Набоков
Шрифт:
Но ведь Ахматова была и осталась русским писателем.
А Набоков очень старался стать американским.
Что русский период его писательства окончен, было твердо решено еще во Франции, когда он взялся за «Себастьяна Найта», который теперь лежал без движения, не находя издателя. И когда убрал в долгий ящик главы последнего русского романа, который так и не будет дописан.
Стихи, правда, были по-прежнему почти сплошь
В послесловии к последнему своему русскому тому, к «Лолите», Набоков с иронией над самим собой говорит о «дребезжании моих ржавых русских струн»: от языка, некогда цветшего у него, словно сад весной, не осталось «ничего, кроме обугленных пней и осенней безнадежной дали». И за десять лет до того во вступлении к «Другим берегам» звучала та же нота: как это ужасно, когда надо отвыкать не от общего языка — он, язык Пушкина, Толстого и няни, как раз сохранился, — «а от индивидуального, кровного наречия», от своего стиля. На деле это не так, хотя перевод «Лолиты» относится к середине 60-х годов, когда русская стилистика, ритмы, интонации стали вправду забываться и из-под пера Набокова как бы непроизвольно выскакивали английские кальки: «Я делал постели» — или, о беременной героине: «В присутствии ребенка, которого несла», — и совсем уж невозможное по-русски: «Могу взять автобус».

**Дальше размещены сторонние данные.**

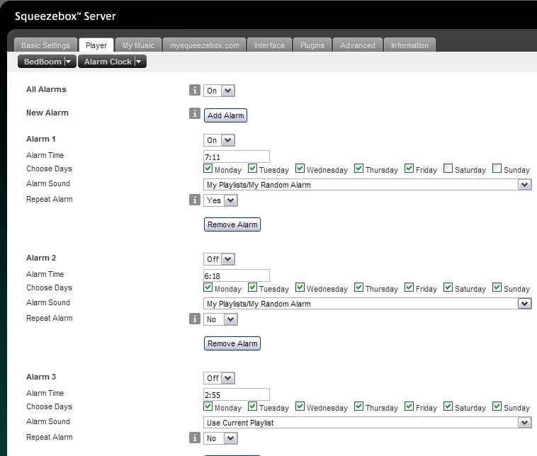 Created attachment 6916 [details] Screen shot of Alarm settings The Alarm in WEB interface won't allow to choose am or pm for players, when you set the Time format to h:mm (12h) in the Interface options. The Alarm seems to always go to AM no matter even if you type PM, the players i have have AM PM options. I have th SB3 and Squeezebox Boom.
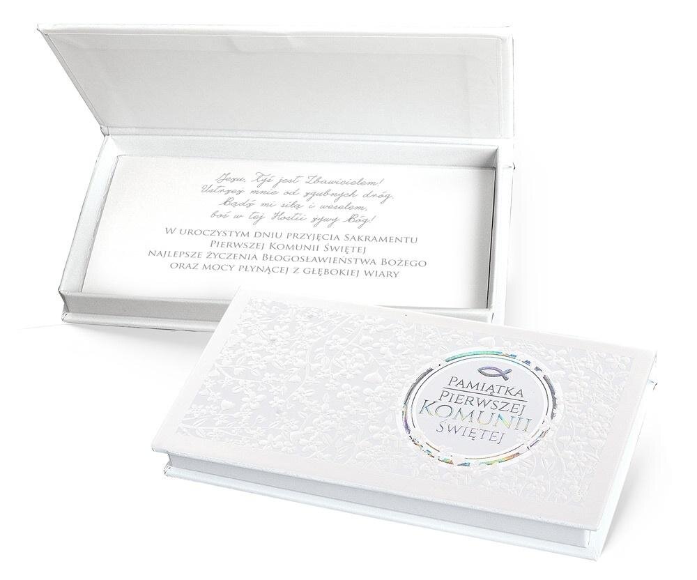 Pudełko ozdobne na banknoty MB-005 na I Komunię Świętą Pudełko jest eleganckim sposobem na podarowanie bliskiej osobie banknotu lub karty podarunkowej. Pudełko ozdobne jest uszlachetnione metalizowaną folią hot-stamp, co nadaje mu wyjątkowego charakteru. W zależności od wzoru, na pudełkach...
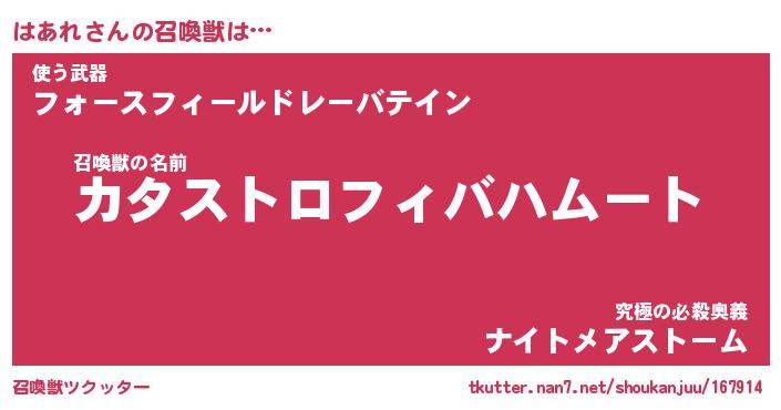 | 自動車の名前っぽいあだ名 | 『ハアティマ』『ハクア』『ヴィッハ』 |
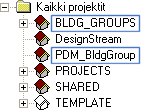 Voit tallentaa tilaryhmärakennuksen paikalliseen arkistoon tai viedä sen DesignStream-järjestelmään, jos käytössäsi on DesignStream-yhteys -lisäoptio. Kun avaat tilaryhmärakennuksen muokkausta varten paikallisesta arkistosta, valitse Avaa rakennus -keskusteluikkunassa tallennuspaikka BLDG_GROUPS. Kun avaat tilaryhmämallia DesignStream-järjestelmästä, valitse tallennuspaikka PDM_BldgGroup.
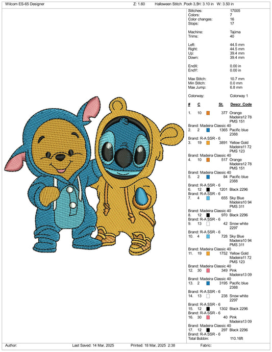 Pooh & Stitch Cosplay Embroidery Files - 3 Size's

В интервью той поры Набоков, слегка бравируя, говорил о своем слабеющем интересе к России: для него она политическое государство, система политического подавления, и ничего больше, — и о нежелании писать по-русски. О том, насколько Америка во всех отношениях превосходит бывшее отечество, которое сделалось ужасно провинциальным. И каким уютным домом стала для него страна, где он провел счастливейшие годы своей взрослой жизни.
Интервью, между прочим, брались в Швейцарии, куда он уехал, как только это позволили сделать принесенные «Лолитой» большие деньги. А в восхваляемый им американский дом за оставшиеся почти два десятка лет жизни Набоков наведался всего трижды, по совершенно конкретным деловым поводам. То есть на поверку он остался европейцем. Хотя, возможно, и не осознавал себя под старость русским — то есть не осознавал так отчетливо, как было в берлинские годы.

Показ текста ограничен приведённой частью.